Github Actions is configured through the YAML files.
💡 The trickiest part of writing the configuration files is typically getting the indentation right.
- Understand the basic structure of a workflow file
- Understand the basic structure of a job
- Understand the basic structure of a step
In this workshop we will be using a small java service which uses Gradle to build the application.
The application is found in the app
directory, though the details of the implementation are not interesting for the purposes of these katas.
There are a number of shell scripts that help with building the application, these are located in the ci
directory.
The purpose of these katas is to use the small java application to exemplify how to use Github Actions to build, test and package your applications.

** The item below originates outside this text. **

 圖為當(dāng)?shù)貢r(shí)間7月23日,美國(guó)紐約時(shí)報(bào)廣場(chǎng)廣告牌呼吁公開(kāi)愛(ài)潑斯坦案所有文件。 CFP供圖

We ultimately want a pipeline that has the following jobs:
- Build and test: Clones down and run the gradle build command found in ci/build-app.sh, and thereafter runs the gradle test command found in ci/unit-test-app.sh
- Build docker: runs both building of the docker image, and pushes it up to the hub
- Component test: runs a docker-compose file with a python test to test the application.
- Performance test: runs a docker-compose file with a k6 performance tester to test the application.
We are not going to do it all in one go, but rather step by step.
Now we want to diver a bit more into a pipeline.
Examine the following example, that makes the agent running the pipeline echo out "hello world":
name: Main workflow
on: push
jobs:
Build:
runs-on: ubuntu-latest
container: gradle:6-jdk11
steps:
- name: Clone down repository
uses: actions/checkout@v4
- run: ci/build-app.sh
A line-by-line explanation of the above:
- Line 1: Specifies the name of the workflow, in this case, "Main workflow".
- Line 2: Specifies that the workflow should be triggered on a
push
event. - Line 3: Introduces the
jobs
section where all job definitions reside. - Line 4-5: Defines a job named
Build
that runs on an Ubuntu VM. - Line 6: Specifies that the job should run in a container with the image
gradle:6-jdk11
. - Line 7: Defines the steps that should be executed in the job.
- Line 8: A step named
Clone down repository
- Line 9: Uses the action
actions/checkout@v4
, to clone down the repository's content to the runner, enabling subsequent steps to access it. - Line 10: Runs the
build-app.sh
script found in theci
directory of the repository.
This workflow is a basic example that provides insights into the event type, branch reference, and repository structure when code is pushed to it.
If you want to see what build-app.sh
is doing, look into the script.
- Replace the workflow you created in
.github/workflows/main.yml
with the above example. - Add and commit the file and push it to Github.
💡 Git commands to do it if you are using the terminal
git add .github/workflows/hello-world.yml
git commit -m "Add hello world workflow"
git push
- Go to Github Actions tab of the repository and check the action status.
See that the build runs green and outputs this in the step log:
Run ./ci/build-app.sh
Starting a Gradle Daemon (subsequent builds will be faster)
> Task :clean UP-TO-DATE
> Task :compileJava
Note: Creating bean classes for 3 type elements
> Task :processResources
> Task :classes
> Task :shadowJar
Deprecated Gradle features were used in this build, making it incompatible with Gradle 7.0.
Use '--warning-mode all' to show the individual deprecation warnings.
See https://docs.gradle.org/6.9.4/userguide/command_line_interface.html#sec:command_line_warnings
BUILD SUCCESSFUL in 15s
4 actionable tasks: 3 executed, 1 up-to-date
Congratulations, you have now build the java application!
But we have some way to go yet, we want to build a docker image, and run some tests on it as well.